If you're like me, you may have recently switched your mobile carrier to Public Mobile along with your carrier-bought phone and have ended up with a ton of your previous mobile operators branded bloatware, not to mention hard-coded settings (in the most extreme cases) that prevent you from changing things like APNs, voicemail settings, message center configuration, etc.

 

Provided you have a Samsung smartphone that has these issues (eg. a Bell-bought Galaxy will have all the Bell apps pre-installed, Samsung Internet and Google Chrome home pages hardcoded to the Bell customized Google Search page (literally Gogle's home page but with Bell's ads) the fix is easy. No matter what operator you switched to Public Mobile from, as long as it is a Canadian one and the phone was bought there, this method will work.

 

WARNING!!!: BEFORE PERFORMING THESE STEPS MAKE SURE TO BACKUP ALL YOUR PHONE DATA AS THE FOLLOWING STEPS WILL FACTORY RESET YOUR PHONE!!!

 

Ok, now that's out of the way we can proceed.

 

Step 1: Make sure all your data in your phone has been backed up.

 

Step 2: Open the Samsung stock dialer and type the following: *#243203855# OR *#272*IMEI# Replace IMEI with your phone's IMEI number

 

Step 3: You will be presented with a screen called "Preconfig" Scroll until you see PMB, tap it, then tap "Install" at the bottom of the screen.

If you don't see PMB, it is okay to use either KDO or TLS, although KDO is better for Public Mobile since it doesn't come with the Telus apps that don't work with Public.

 

Step 4: Your phone will reset, then reboot. You should now be rid of Rogers,Fido,Bell,Virgin, etc bloatware and your phone will be optimized for Public Mobile's network.

 

I originally meant to post this a few months ago, but the post accidentally got nuked during an edit. I hope this tutorial was useful. Feel free to PM me or reply for support or feedback 🙂

P.S: Loving this community so far, even though I lurk a lot lol

 

 

12 REPLIES 12

Anonymous
Not applicable

 @zero_gravity 

I spent many hours on a vacation in Hawaii fiddle f@rting around trying to do all this with an old LG phone. It's all quite intimidating for the first time. Trying some instructions. Thinking oh great now I've bricked the thing. Revive it somehow. Finally got it doing something. I was pretty chuffed. Success at last.

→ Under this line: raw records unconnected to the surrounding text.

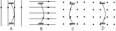 如图,金属棒AB用软线悬挂在磁感应强度为B,方向如图所示的匀强磁场中,电流由A向B,此时悬线张力为T,欲使悬线张力变小,可采用的方法有…………………( )![]()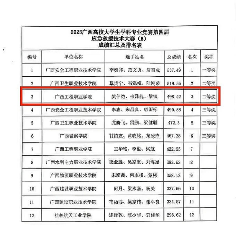 近日,由自治區(qū)教育廳、自治區(qū)應(yīng)急管理廳指導(dǎo),廣西安全工程職業(yè)技術(shù)學(xué)院等單位承辦的2025年廣西高校大學(xué)生學(xué)科專業(yè)競(jìng)賽第四屆應(yīng)急救援技術(shù)大賽圓滿落幕。我校鐵道與航空學(xué)院積極組織2支隊(duì)伍參加應(yīng)急救援技能(B)賽項(xiàng)。最終,在來自全區(qū)9所高職院校的12支代表隊(duì)激烈角逐中,由黎鎮(zhèn)、韋澤龍、樊仲愷三名同學(xué)組成的代表隊(duì)脫穎而出,他們憑借扎實(shí)的專業(yè)功底和出色的應(yīng)急處置能力,斬獲該賽項(xiàng)二等獎(jiǎng),為學(xué)校贏得榮譽(yù)。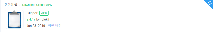 - https://apkpure.com/kr/clipper-clipboard-manager/org.rojekti.clipper 사이트에서 Clipper Clipboard Manager_v2.4.17_apkpure.com.apk 파일을 다운로드 받은 후에 해당 파일의 이름을 Clipper_Clipboard_Manager_v2.4.17_apkpure.com.apk 로 변경한다.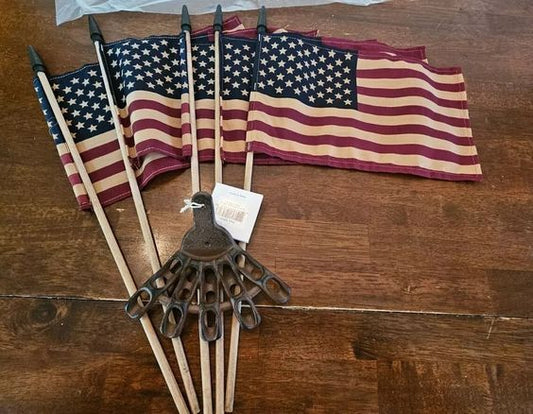 Americana Primitive Flag Wall Mount with 5 Tea Stained Flags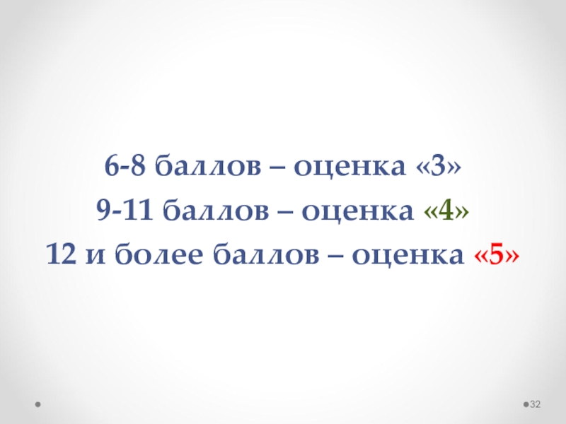 6-8 баллов – оценка «3»9-11 баллов – оценка «4»12 и более баллов – оценка «5»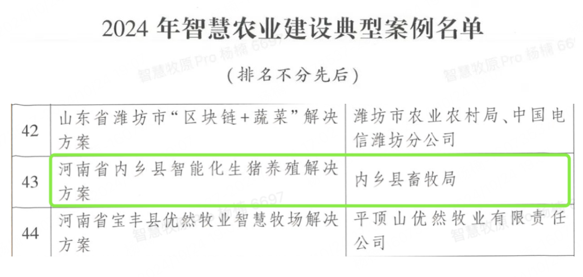 近日,农业农村部信息中心公布了“2024年智慧农业建设典型案例”,以内乡牧原肉食产业综合体建设项目为样本的《河南省内乡县智能化生猪养殖解决方案》被评定为全国85个典型案例之一,成为全国农业科技发展的一个典型代表。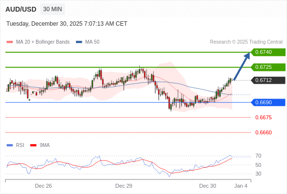 在 0.6690 之上,看涨,目标价位为 0.6725 ,然后为 0.6740 。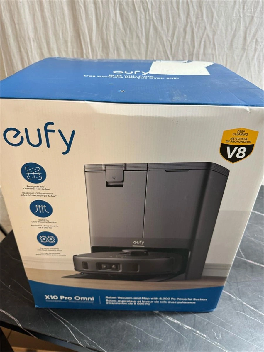 Brand new open box eufy X10 Pro Omni Robot Vacuum and Mop with 8,000 Pa Suction, Dual Mops with 12 mm Auto-Lift and Carpet Detection, AI Obstacle Avoidance, Auto Mop Washing & Drying, Self-Emptying, Self-Refilling.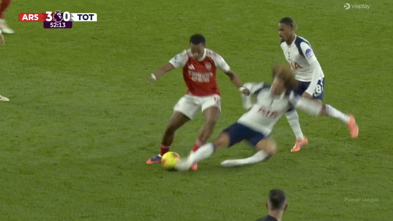 В концовке матча на газоне оказался уже сам голландец – его уложил Райс, повернулся и что-то выговорил лежачему игроку «Тоттенхэма». Еще и прошелся коленом по голове соперника.

Then I was trying to get things going with the Play Store only to come to realize that that's no longer possible.

I just wanted it running a newer version of Android. I'm not too interested in being so hands-on with the thing. Finding and trusting downloaded APK's. Installing them. Will they work? Too much hassle.

Then I bent pins pulling a SIM frame out and that was that. 🙂

zero_gravity
Good Citizen / Bon Citoyen

To agree with the above comment, yeah rooting is the surefire way. You don't need to install a custom rom if you don't want to, but hey that can be fun too.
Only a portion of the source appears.